Commenting on the Critics with Simon Columb…
He has become the third co-host of the SlashFilm podcast and now it appears that Jeff Cannata is joining the legion of Star Wars fans who refuse to watch the trailer. He tweeted:
“Just to be clear, I love teasers! But Star Wars is different. Would love to be able to walk into a theatre having never seen a single image.”
If you have no idea who Jeff Cannata is, I strongly recommend hunting down his work here: http://jeffcannata.com/
This week saw blockbuster film fans of the world rejoice. After years of production hell, Jurassic World is well on its way to release next year. The trailer revealed a combination of stories we had heard about (a genetically modified dino) and scenes of an open park in full operation [watch it here]. On Friday, Star Wars Episode VII: The Force Awakens landed [watch it here]. With a Sith lord here and a Millennium Falcon there, the trailer served its purpose. Fans are now desperate for the future.
But Cannata argues a legitimate question. To watch or not to watch? (whether ‘tis nobler for the mind to suffer/the flashes and explosions of outrageous publicity…). Should we refuse to see the publicity material, chosen specifically by the studio, to whet our appetite? Or should we partake in the gratuitous moving billboards that are splashed over YouTube and our social networks? To make matters worse, as the iconic font reveals after 88 seconds, a further 12 months are due before we can judge the film at all
I remember seeing The Matrix Reloaded trailer at the cinema. The excitement and buzz surrounding the relentless onslaught of Agent Smith’s attacking Neo and the epic scale that was clearly achieved was something that, at the point of the trailer, was simply mesmerising. I was bought early on. My ticket would’ve been bought as I left the cinema that day. Then, emerging from the darkness following the fateful first viewing of the film, I was unimpressed. Granted, all the footage from the trailer was in the film, but the story itself wasn’t held together as succinctly as The Matrix. The baffled audiences felt duped as they couldn’t make head or tail of the tri-thread narrative and wider philosophical allegories it attempted to show. If I had gone to the film trailer-free, would I have been more open to a dense, thought-provoking film? Did the kung-fu and sci-fi spaceships that dominated the trailer sell me on the action and ‘fun-time’, rather than the tricky plot and spiritual metaphors that clouded the film when I saw it? I’ll never know.
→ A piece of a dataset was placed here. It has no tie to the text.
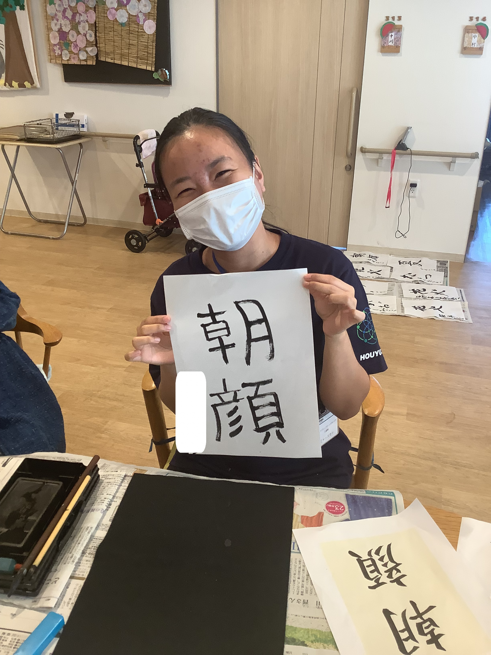 皆様が見守る中「朝顔」の字を選び・・初筆(#^.^#)

But this isn’t your usual series. Star Wars is a mega franchise that is built on merchandise and advertising. The experience of trailer-watching is part of the excitement. Producers expect you to watch in preparation. Of course, when you attend a film festival, rarely have you seen a trailer in preparation. This is primarily because the experience is a different beast – wild and untamed, challenging and profound (Unless it’s awful and surely didn’t deserve billing at the festival in the first place). But Star Wars? Jurassic World? These are famous for their merchandising! They are so big that events are created around them. These are blockbusters, and part of the process of blockbuster-watching is the build-up beforehand. The comic-con panels! The “viral” websites! The teasers and trailers! Who doesn’t recall the iconic little-child-with-Vader-standing-behind-him Star Wars: Episode I – The Phantom Menace poster! Never forget the stupid T-Rex bones, stomped upon by Godzilla in 1997, one year before it’s release in ‘98! Or even that T-Rex foot, in the rainy mud, revealing The Lost World: Jurassic Park. Maybe it will be awful, but at least you’ll remember the day you watched that trailer and your dreams felt so close to being realised …
There is an etiquette to follow. Don’t watch it hundreds of times. I’m not a big fan (sorry Flickering Myth!) of frame-by-frame and deep-analysis of the trailer. Those small snapshots within the trailer are supposed to tease and by December 2015 (or May 2015 for Jurassic World) you should have forgotten them anyway. I’m excited for both J.J. Abrams and Colin Treverrow’s offerings because of the sneak-peeks revealed this week – and this feeling is a part of the magic of the Hollywood machine.